Un'opera che sarà esposta senza protezione alla devozione dei fedeli nella Cattedrale del Redentore a Mosca. Una decisione presa ignorando gli avvertimenti sui danni cui la più celebre e la più santa delle icone sarebbe incorsa

"Esiste la ‘Trinità’ di Rublëv, perciò Dio è": scrive così Pavel Florenskij (ne “Le porte regali. Saggio sull’icona”, Adelphi 1977). Anche per molti discendenti della “Trinità” di Masaccio, e non credenti, ed estranei al miracolo della pittura di icone, è il dipinto più bello del mondo. Ieri Anna Zafesova sulla Stampa dava notizia del suo spostamento dalla Galleria Tretyakov, dov’era conservata da un secolo per preservarla da guerre, intemperie e guasti ambientali: va per un anno alla Cattedrale del Redentore a Mosca, poi da lì al luogo in cui era stata dipinta nel 1422, il monastero della Trinità di san Sergio di Radonež, a 75 km a nordest della capitale. Uno spostamento al Lavra di san Sergio era già avvenuto l’anno scorso, per la celebrazione dei 600 anni dalla traslazione delle reliquie del santo. In ambedue le circostanze la decisione è venuta da Putin, ignorando gli avvertimenti e la resistenza dei curatori della Galleria e degli studiosi sui danni irreparabili cui la più celebre e la più santa delle icone sarebbe incorsa una volta esposta senza protezione alla devozione dei fedeli, fumo perenne di candele, umidità di fiati, sbalzi di temperatura. Non c’è chiesa ortodossa, del resto, che non contenga una o più copie della “Trinità”, meta di preghiere e voti. Così anche in tutte le chiese ucraine.

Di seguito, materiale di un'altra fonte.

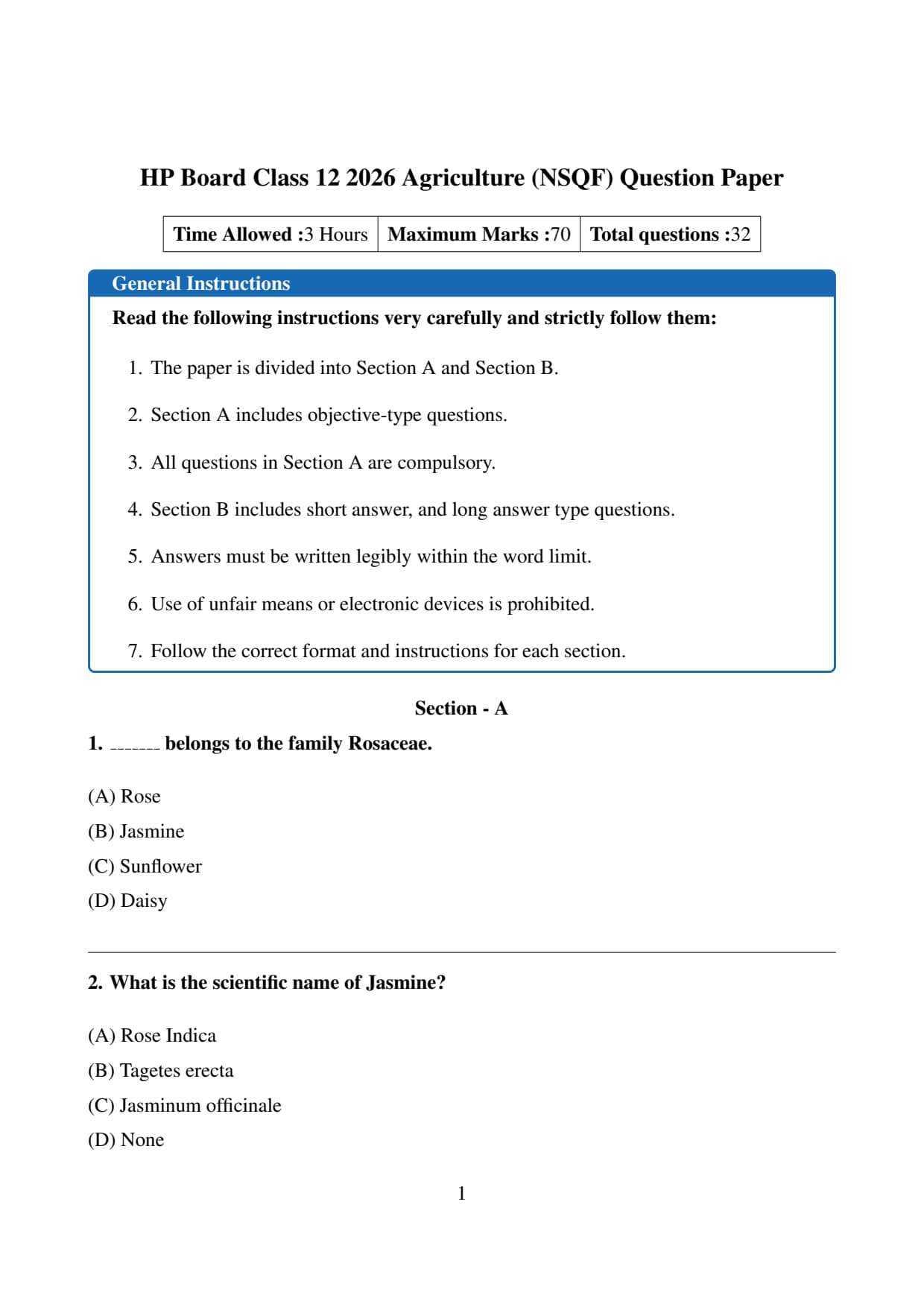 | HP Board Class 12 Agriculture (NSQF) Question Paper 2026 | Download PDF | Check Solution |
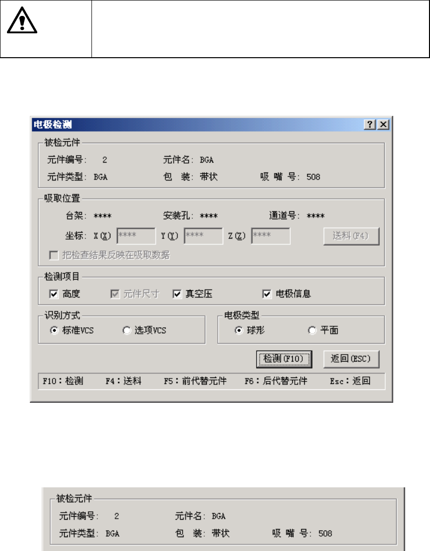 显示被检元件内容 / 吸取位置,并逐项显示运行中的处理内容。
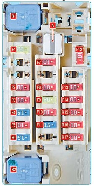 Peugeot 107 (2005 – 2007) – fuse box diagram Year of production: 2005, 2006, 2007 Instrument panel fuse boxes These are located on each side of the instrument panel under the trim. Fuse Ampere rating [A] […]
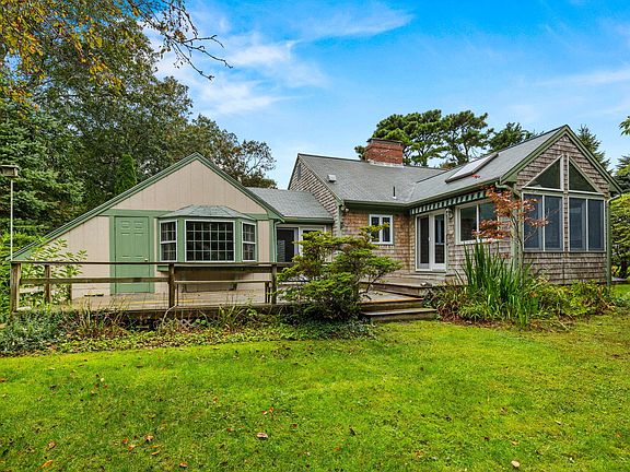 Imagine listening to the sounds of the sea from the deck of this classic Cottage style home, located less than 1/4 mile from East Sandwich Beach & a few miles from historic Sandwich Village. Enjoy one level living in an established neighborhood; with updated windows & heating system, it offers excellent potential as a starter home, retirement home or second home. Lovingly cared for over the years & set among mature plantings, this gem is a gardener's and nature lover's delight. Hardwood graces the main Living areas & Bedrooms, while dual fireplaces enhance the Living & Dining Rooms. The Living Room is a quiet retreat, separate from the open Kitchen/Dining/Sunroom space that opens to the multilevel deck & back yard. Newly renovated full Bath, with Primary BDRM featuring private Half Bath. Ideal Den/Office with built-ins, pet friendly mudroom, attached oversized garage & full finished basement appeal to everyone's wish list. Move in & update to your personal taste over time, or bring along a Designer for a contemporary makeover. Once you're settled in, enjoy the bonus amenities of salt air, salt marshes & spectacular beaches.
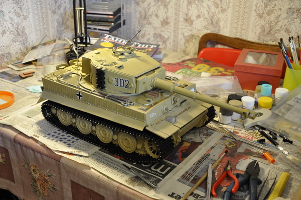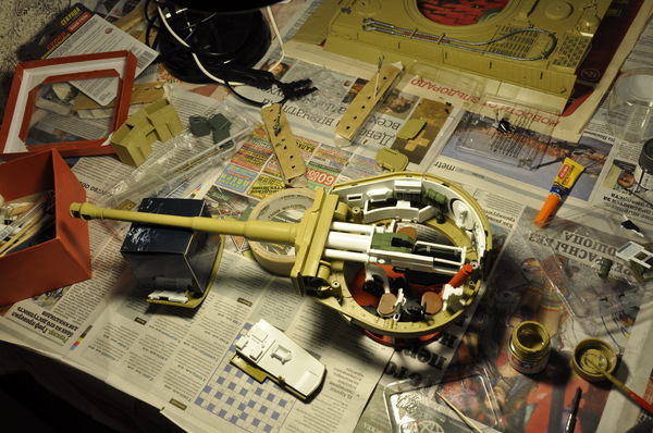 Увы, фотографий самого процесса покраски и сборки нет, зато нашел момент с переделкой башни.
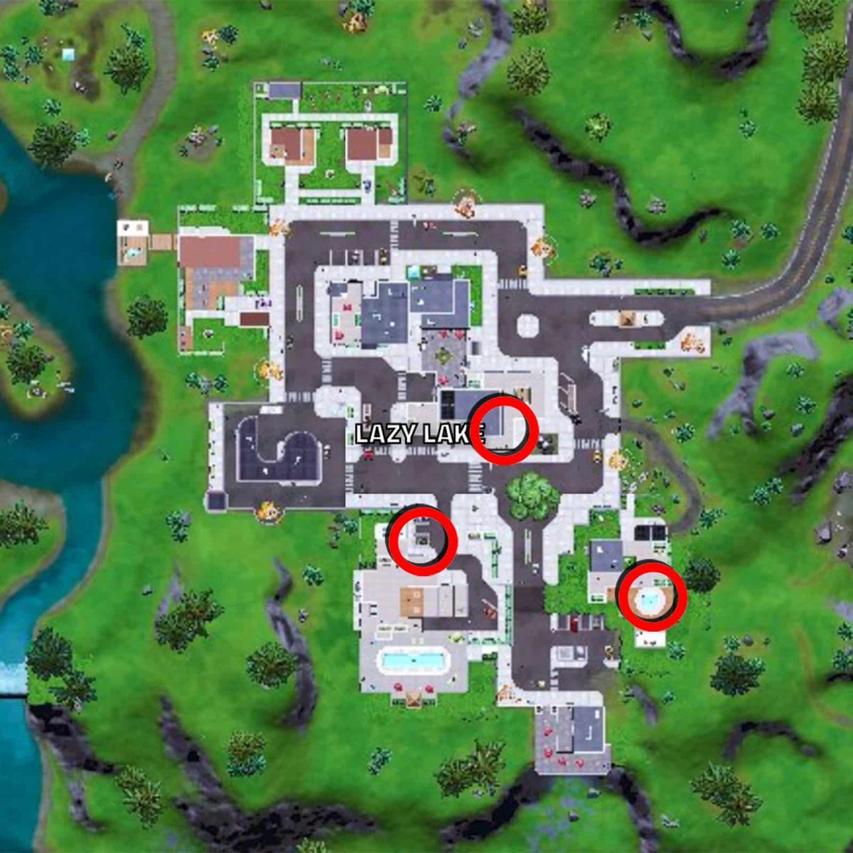 Optimal Landing Approach: Target the pool area southeast of main Lazy Lake first—this location generally sees less traffic than the central car dealership. The gym location provides another excellent alternative with good loot opportunities nearby.
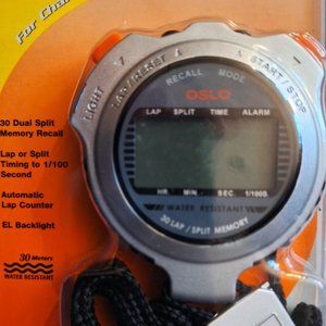 Robic 30 Lap Memory Stopwatch Silver. New in retail blister pack. Interested, make an offer. From a smoke and pet hair free home. Fast shipping. From the maker: 30 dual split memory recall; 1/100 second precision to 10 hours, Lap, split or dual split timing options; automatic lap counter to 99, Time of day, alarm, and calendar functions, Total Memory Recall indicates that the Robic stopwatch allows you to review previous readings without interrupting current timing. Most others require you to exit the stopwatch mode and use a "Memory" mode to access previous readings. Breakaway Safety Lanyards, Water Resistant to 30 meters. Over-sized pushbuttons
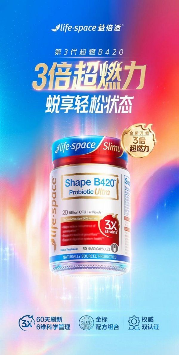 lifespace益倍适与全球健康营养巨头IFF达成独家战略合作,成为IFF B420益生菌全球首家战略合作伙伴,搭载IFF全球独家金标配方,是双方共研共创的核心成果。该配方甄选6大明星菌株协同作用,实现3倍菌株协同效果,深度激活人体线粒体“小火炉”燃脂开关——线粒体作为人体能量代谢的核心,其功能强弱直接决定燃脂效率,这款配方可让代谢效率实现3倍增速,同时覆盖体重、体脂、腰围等6大身体维度的改善,相较于前代产品实现质的提升。其中,3倍轻盈力与3倍清排力双向加持,全方位为代谢赋能,精准匹配代谢慢人群的核心需求:
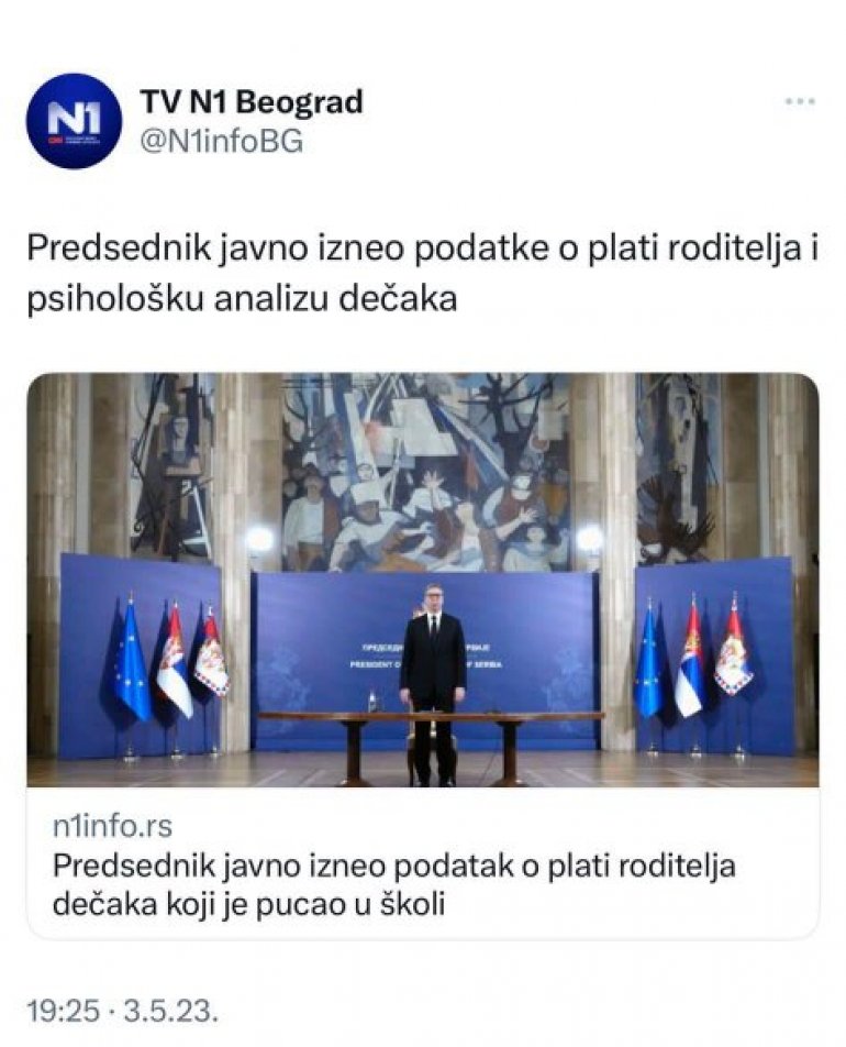 Ovome svedoči tekst objavljen na portalu "N1info", gde su istakli kako je predsednik "javno izneo podatke o plati roditelja i psihološku analizu dečaka".
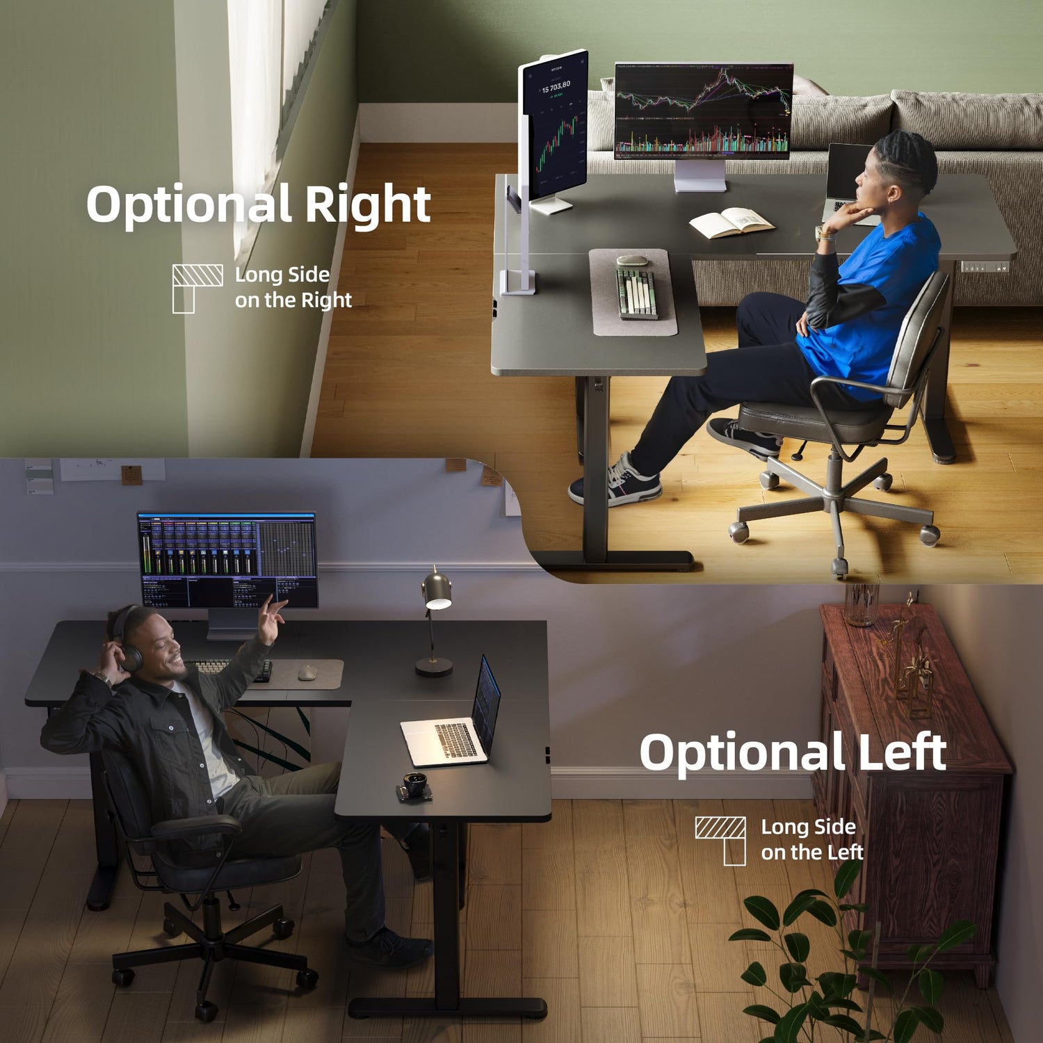 - Flexible L-Shaped Design: This l shaped standing desk offers versatile installation options, allowing you to choose between left or right installation based on your personal preference. It seamlessly fits into any room, whether it’s an office, study, or living room. The L-shape not only saves space but also creates a clean, organized, and stylish workspace.
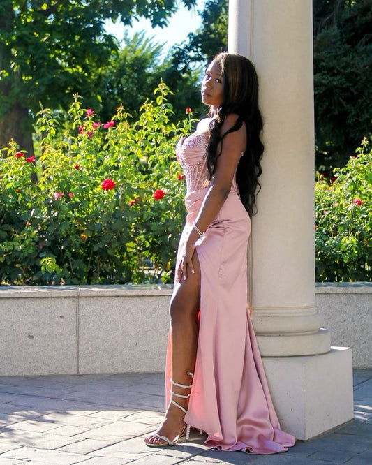 Elegant Sheath Sweetheart Pink Slit Satin Long Prom Dresses Party Dress Summer 20th Birthday Outfits 18th Birthday Dresses DH479
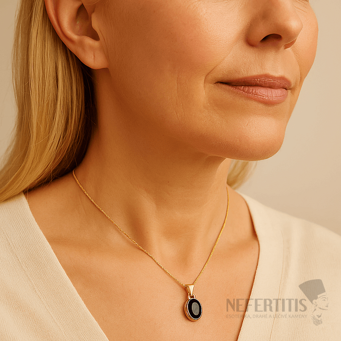 Dominantou přívěsku je přírodní černý spinel o velikosti přibližně 8 mm, vybroušený do oválného tvaru s kvalitním facetovým brusem, který vytváří jemné odlesky a dodává kameni hloubku i eleganci.

Zafesova ricorda il licenziamento in tronco della prestigiosa direttrice della Tretyakov, Zelfira Tregulova, sostituita da Elena Pronicheva, ignara d’arte ma figlia di un grosso generale del Fsb – il servizio erede del Kgb: magnifico aneddoto.

Sono anch’io fra quanti pensano a quel dipinto come al più bello. Ho potuto visitarlo più volte dov’era custodito, e visitare il monastero. Ho letto quello che ho trovato sopra le innumerevoli interpretazioni, spesso ispirate, altre volte ingegnose e suggestive. Me ne è restata una specie di devozione alle figure rese serenamente meravigliose da qualcosa che sanno solo loro, e che si lascia, se non immaginare, vedere.

Per la fama di Rublëv molto fece il bellissimo film di Tarkovskij del 1966, in bianco e nero salva l’esplosione finale dei particolari dei dipinti a colori. Oggi, se aprite la rete al nome “Trinità di Rublëv”, trovate che probabilmente è il dipinto per il quale più alta è la domanda di riproduzioni nel mondo. L’opera che ha forse soppiantato i capolavori letterari che hanno fatto la gloria mondiale della Russia. Ora la “Trinità” di Rublëv è stata rinazionalizzata, in omaggio all’alleanza fra il Cremlino di Putin e il Patriarcato di Kirill, e in nome di una restituzione alla venerazione popolare, che se ne consoli e la consumi. Un’altra delle perdite da ascrivere alla guerra all’Ucraina, non delle minori.